Understanding Our Impact Through Data
Real numbers from actual student projects, development cycles, and learning outcomes. These aren't marketing figures—they're snapshots from our work training mobile game developers in Spain since 2024.
Project Completion Patterns
We track every student project from initial concept through final build. Looking at 2025 data, about 78% of students who started their capstone game projects actually finished them. That's not perfect, but it's honest.
What's interesting is how completion rates varied by project complexity. Simpler puzzle games had higher completion rates than ambitious RPG attempts. Makes sense when you think about it—scope management is hard to learn.
Florin Beckmann
Senior Technical Instructor
What the Numbers Don't Show
The statistics tell you what happened, but they can't explain why three students spent four extra weeks debugging a physics system that wasn't even required for their grade.

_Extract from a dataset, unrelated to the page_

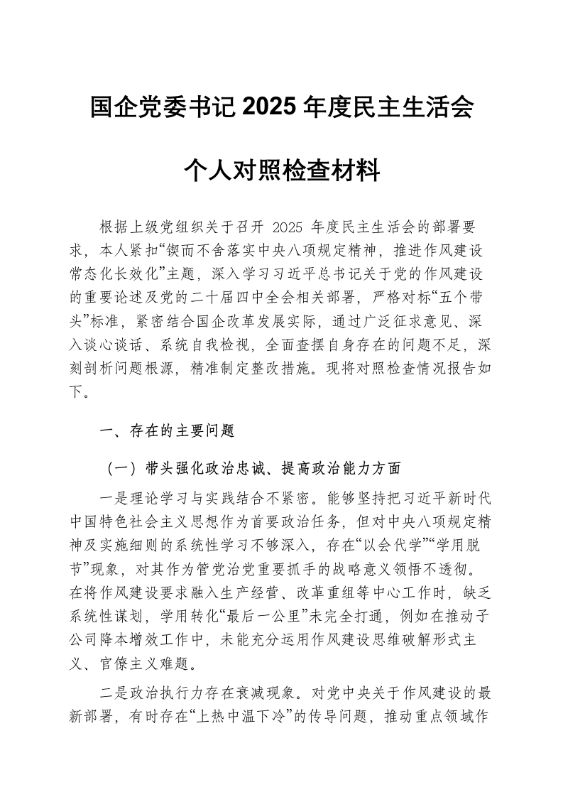 首页精选范文国企党委书记2025年度民主生活会个人对照检查材料

Florin has been teaching game development fundamentals at Oymnex since we opened. He points out that raw completion percentages miss the learning that happens in those unfinished projects. A student who builds 60% of an ambitious game often learns more than someone who finishes a simple one.
We started tracking bug resolution times in 2025 because students kept asking how long debugging should take. Turns out the average is about 3.2 hours per significant bug, but that number is almost meaningless because of how much variation there is.
The data collection itself became a teaching moment. Students realized that tracking their own metrics helped them understand their development patterns better than any instructor feedback could.
Comparing Learning Paths
Different students choose different program structures. Here's how various approaches performed in 2025, based on actual completion data and student feedback surveys.
| Program Structure | Completion Rate | Average Duration | Portfolio Projects | Support Hours Used |
|---|---|---|---|---|
| Full-Time Intensive | 82% | 4.5 months | 2-3 complete games | 47 hours average |
| Part-Time Evening | 71% | 9 months | 1-2 complete games | 38 hours average |
| Weekend Workshops | 64% | 11 months | 1 complete game | 29 hours average |
| Self-Paced Online | 58% | 13 months | 1 complete game | 22 hours average |
Time Investment Reality
Students who dedicated consistent time each week—even if it was just a few hours—tended to finish their projects more reliably than those with irregular schedules.
Support Utilization
Interestingly, students who used more instructor support hours didn't necessarily complete projects faster. They often tackled more complex features.
Code Repository Activity
We track Git commits as a rough measure of consistent work. Most successful students committed code 4-5 times per week throughout their program.
Platform Distribution
Android development was more popular than iOS in our programs, mostly because students could test on their own devices more easily.